### Task goal
No pictures, nothing altered: return the data below.

### Data
####

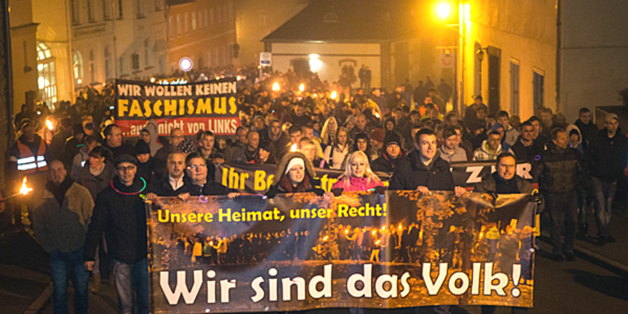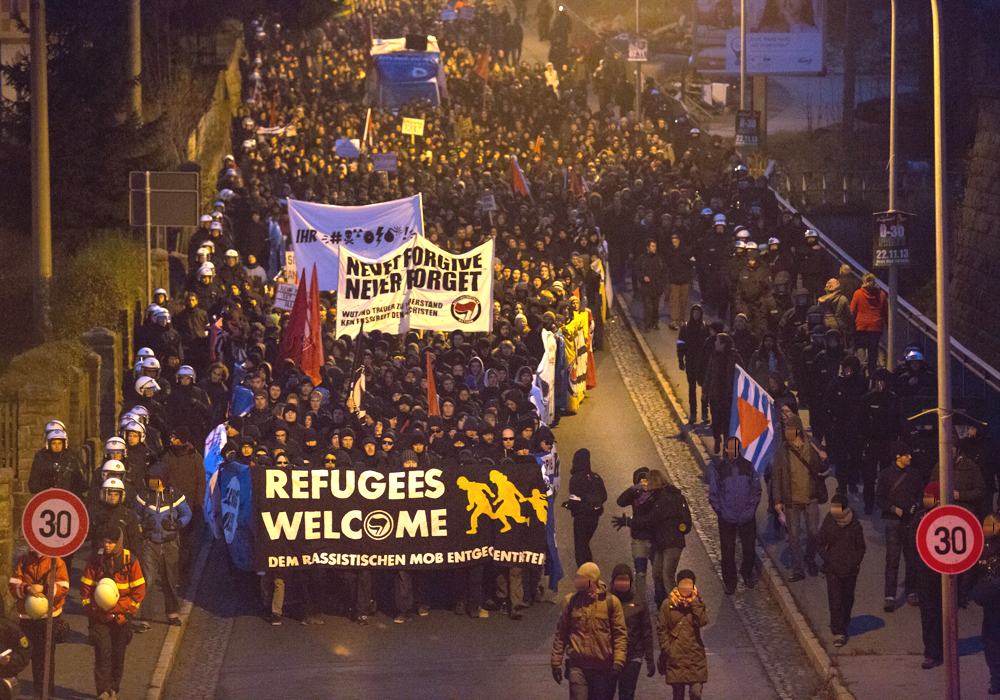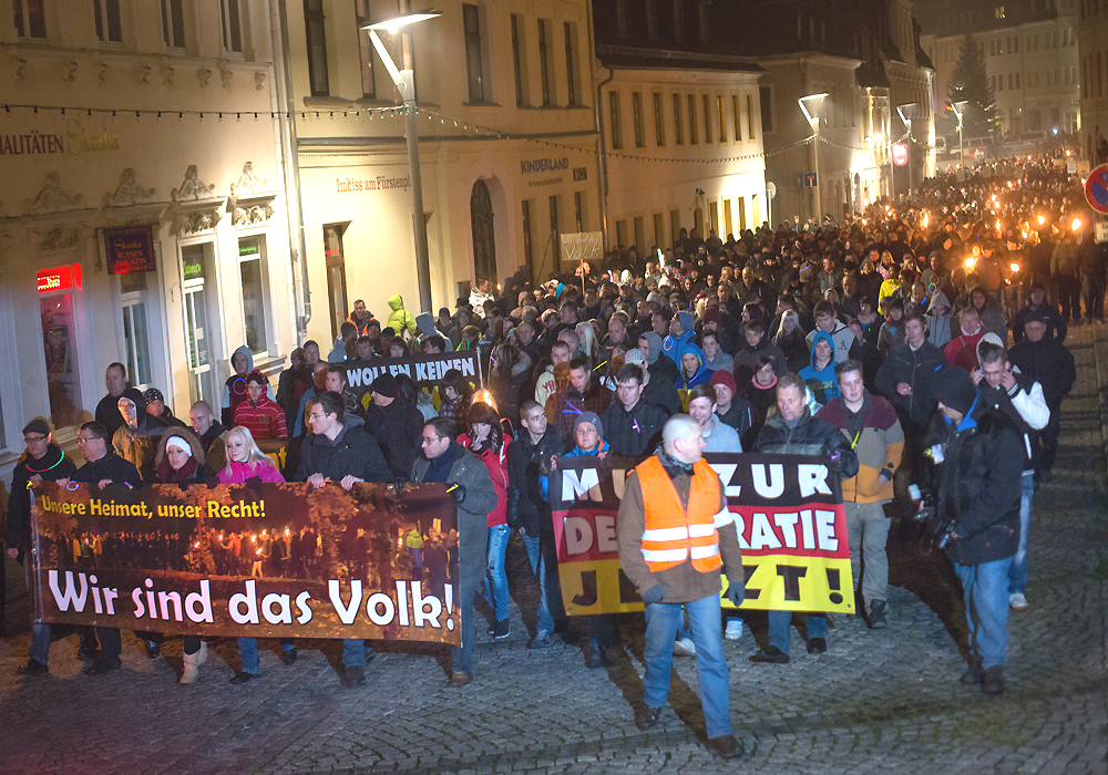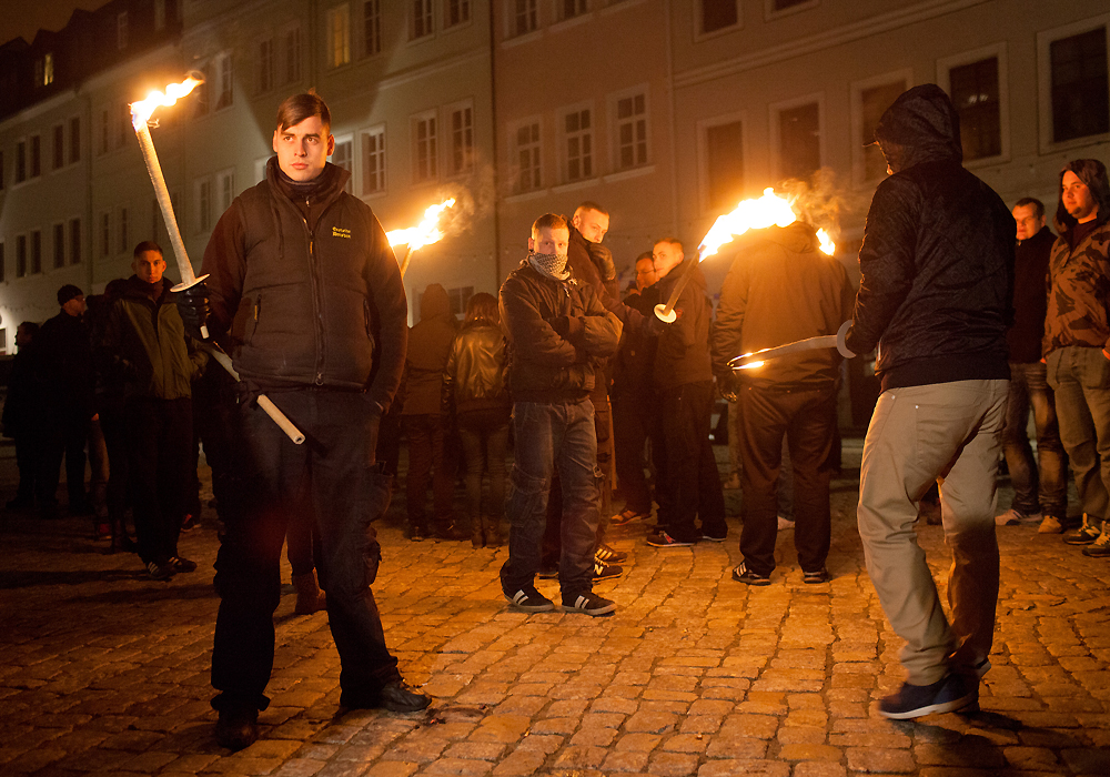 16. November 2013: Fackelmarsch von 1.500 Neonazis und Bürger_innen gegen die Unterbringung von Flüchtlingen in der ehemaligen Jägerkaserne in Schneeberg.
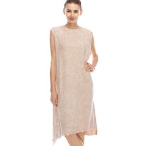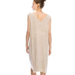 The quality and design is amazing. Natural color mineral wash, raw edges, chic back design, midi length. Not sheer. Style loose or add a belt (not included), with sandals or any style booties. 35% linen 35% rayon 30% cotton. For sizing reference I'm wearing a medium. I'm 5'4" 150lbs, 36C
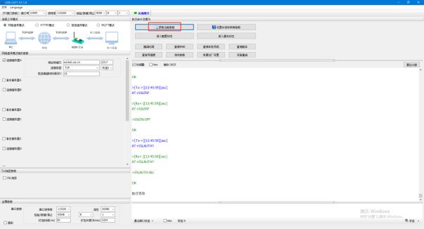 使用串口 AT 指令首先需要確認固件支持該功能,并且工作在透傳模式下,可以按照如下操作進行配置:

####

### The answer
 16. November 2013: Fackelmarsch von 1.500 Neonazis und Bürger_innen gegen die Unterbringung von Flüchtlingen in der ehemaligen Jägerkaserne in Schneeberg.
 The quality and design is amazing. Natural color mineral wash, raw edges, chic back design, midi length. Not sheer. Style loose or add a belt (not included), with sandals or any style booties. 35% linen 35% rayon 30% cotton. For sizing reference I'm wearing a medium. I'm 5'4" 150lbs, 36C
 使用串口 AT 指令首先需要確認固件支持該功能,并且工作在透傳模式下,可以按照如下操作進行配置:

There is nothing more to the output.